Valerio Spada, Milano, www.valeriospada.com

FotoDoks Preis 2011 für Bruno Pulici

Für seine Arbeit „Domestico“ wurde der italienische Fotograf Bruno Pulici aus Mailand von der FotoDoks-Jury mit dem vom Kamerahersteller Leica gestifteten FotoDoks-Preises 2011 ausgezeichnet.

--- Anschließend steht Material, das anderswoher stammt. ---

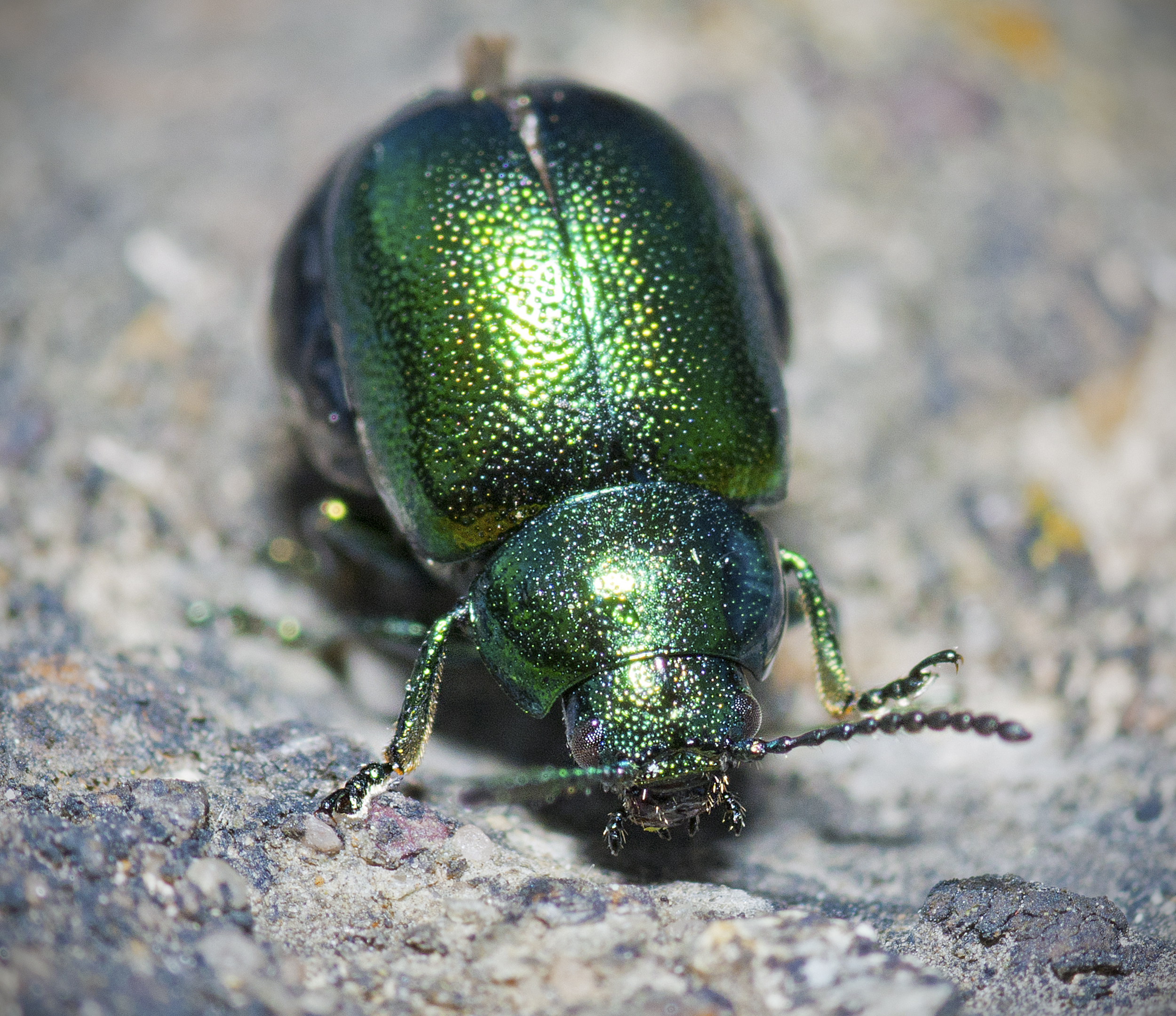 Green Dock Beetle - Gastrophysa viridula. I've seen some lovely images of Red Dock Weevils (Apion frumentarium) recently, so went looking for them but I didn't find any. Instead, I found lots of Green Dock Beetles. It's the mating season (for Green Dock Beetles - what you get up to in your spare time is your own business). The females get so full of eggs that the wing cases don't preserve their modesty. If you want to find some for yourself, look gently (so they don't drop off) on the underside of Broad Leaved Dock leaves. Sadly they were all too frisky for any focus stacks so you'll have to make do with snapshots.

” Winner of the FotoDoks price 2011 is Italian photographer Bruno Pulici with his comprehensive series “Domestico”!
As intense as his long-term work on that series are the images that are intimate and disturbing at the same time. They unsettle the stereotypes of how we read the correlations that are usually way easier to handle. Bruno Pulici chose a topic that does not suit into easy patterns of media or art but seems relevant and readable, way beyond what it depicts: families that struggle with societies standards of normality and values. We admire the way Bruno extends the photographic work with material that pledges and fights in a non-didactical way for diversity and humanity as a gift to all!”

The way all of us at FotoDoks experienced Bruno during these days in Munich showed him in all his authenticity and openness that simply could to be cut down to a final statement of the jury 2011: “Bruno we all incredibly love you and your unglaublich work.” Congratulations!!